▶ Exercise requirements
No pictures should appear. The lines from the beginning of the listing through the one holding "This is a standard" must be reproduced exactly, and nothing more.

▶ Supplied data
● ● ●

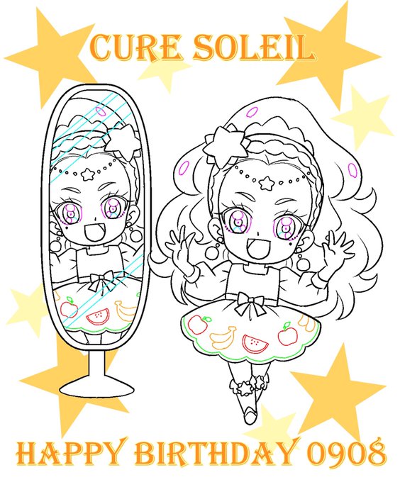 宇宙を照らす!灼熱のきらめき!キュアソレイユ! お誕生日おめでとう🎊💛 #講談社おともだち ピンクのイラストの線画です🌠 おめかししたソレイユがいたのでアップ👗✨ #9月8日はキュアソレイユの誕生日 #キュアソレイユおめでとう #キュアソレイユ生誕祭2022 #プリキュア
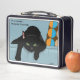 This is a standard metal lunchbox that appears to work just fine. We designed this box ourselves with an uploaded photo and custom text on the front and back. It looks absolutely beautiful except the front of the lunchbox is not centered like it shows in the photo. The print borders don't align with the inset flat part of the box where the preview photo online showed it perfectly centered in there. The back looks nice and centered though.
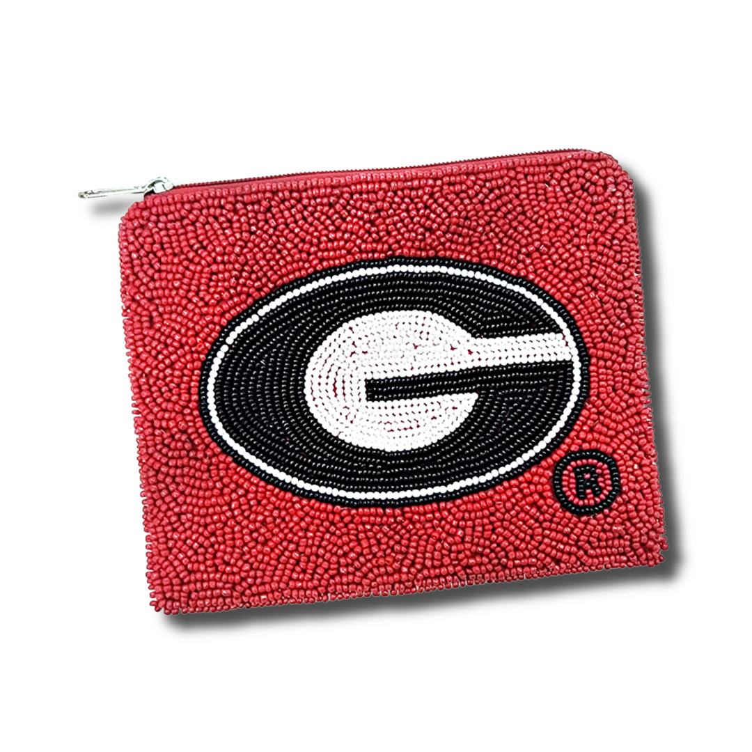 Football UGA Logo Red Beaded Storage Coin Pouch

● ● ●

▶ Written reply
 宇宙を照らす!灼熱のきらめき!キュアソレイユ! お誕生日おめでとう🎊💛 #講談社おともだち ピンクのイラストの線画です🌠 おめかししたソレイユがいたのでアップ👗✨ #9月8日はキュアソレイユの誕生日 #キュアソレイユおめでとう #キュアソレイユ生誕祭2022 #プリキュア
 This is a standard metal lunchbox that appears to work just fine. We designed this box ourselves with an uploaded photo and custom text on the front and back. It looks absolutely beautiful except the front of the lunchbox is not centered like it shows in the photo. The print borders don't align with the inset flat part of the box where the preview photo online showed it perfectly centered in there. The back looks nice and centered though.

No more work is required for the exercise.